Nodular gill disease causing proliferative branchitis and mortality in Chinook salmon (Oncorhynchus tshawytscha).

Research paper by L L Tubbs, B A BA Wybourne, J S JS Lumsden

Indexed on: 05 Mar '10Published on: 05 Mar '10Published in: New Zealand veterinary journal


A period of escalating mortality occurred among Chinook salmon (1-5 g) held in freshwater raceways at a commercial culture facility. The mortality rate peaked at 1.5% of the population per day, water temperature was 9-10 degrees C, and water quality had recently deteriorated due to an influx of suspended solids. The affected fish did not respond to several chloramine-T bath treatments (10 ppm for 1 hour).The dead fish did not exhibit flared opercula typical of infection with bacterial gill disease (BGD) nor did the remaining fish show obvious signs of respiratory distress.
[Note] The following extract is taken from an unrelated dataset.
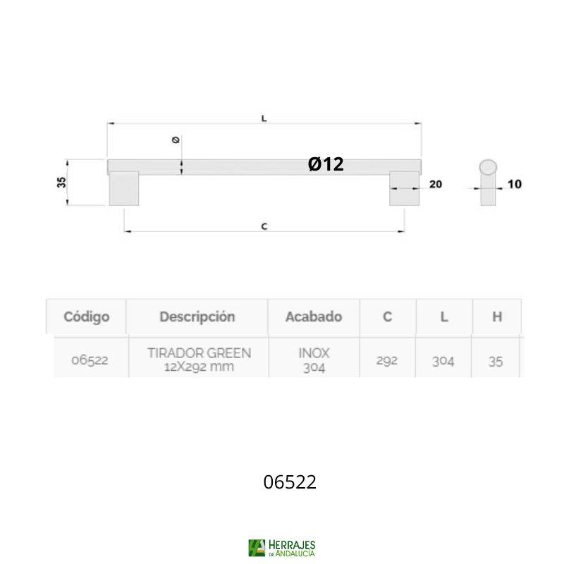 TIRADOR GREEN PARA MUEBLE DE ACERO INOXIDABLE..304MM C292 Ø14 H35
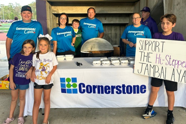 Cornerstone supported Hahnville High School’s dance team, the Hahnville Hi-Steppers, by cooking for their jambalaya fundraiser.

Clinical lesions were limited to the gills of the fish, and were consistent with a proliferative branchitis, including substantial hyperplasia and fusion of lamellae.Numerous angular amoebic organisms (approximately 10 x 8 microm), with a central, large vesicular nucleus and faintly acidophilic cytoplasm, visible on H&E-stained sections, were located on the hyperplastic epithelia of the lamellae, filaments, and remaining lining of the branchial cavity. Morphologically, the amoebae were similar to representatives of the genus Cochliopodia spp. described from North American salmonids, that presented similar lesions and clinical signs; consequently, the disease was diagnosed as nodular gill disease (NGD).Grossly, NGD can be mistaken for BGD; the distinction is important because chloramine-T, routinely used in the treatment of BGD, is ineffective for the treatment of NGD. Static formalin baths of 170 ppm (37% formaldehyde) for 1 hour, supplemented with oxygen, may reduce amoebic infections but should be used cautiously as treatment can precipitate mortality in fish with gill disease. Cues for the onset of NGD are not completely understood, although poor water quality and elevations in temperature are likely to exacerbate infections. Similarly, the prevalence of this disease is not accurately known, but it is possible that it may be more common among salmonids in New Zealand than is presently recognised.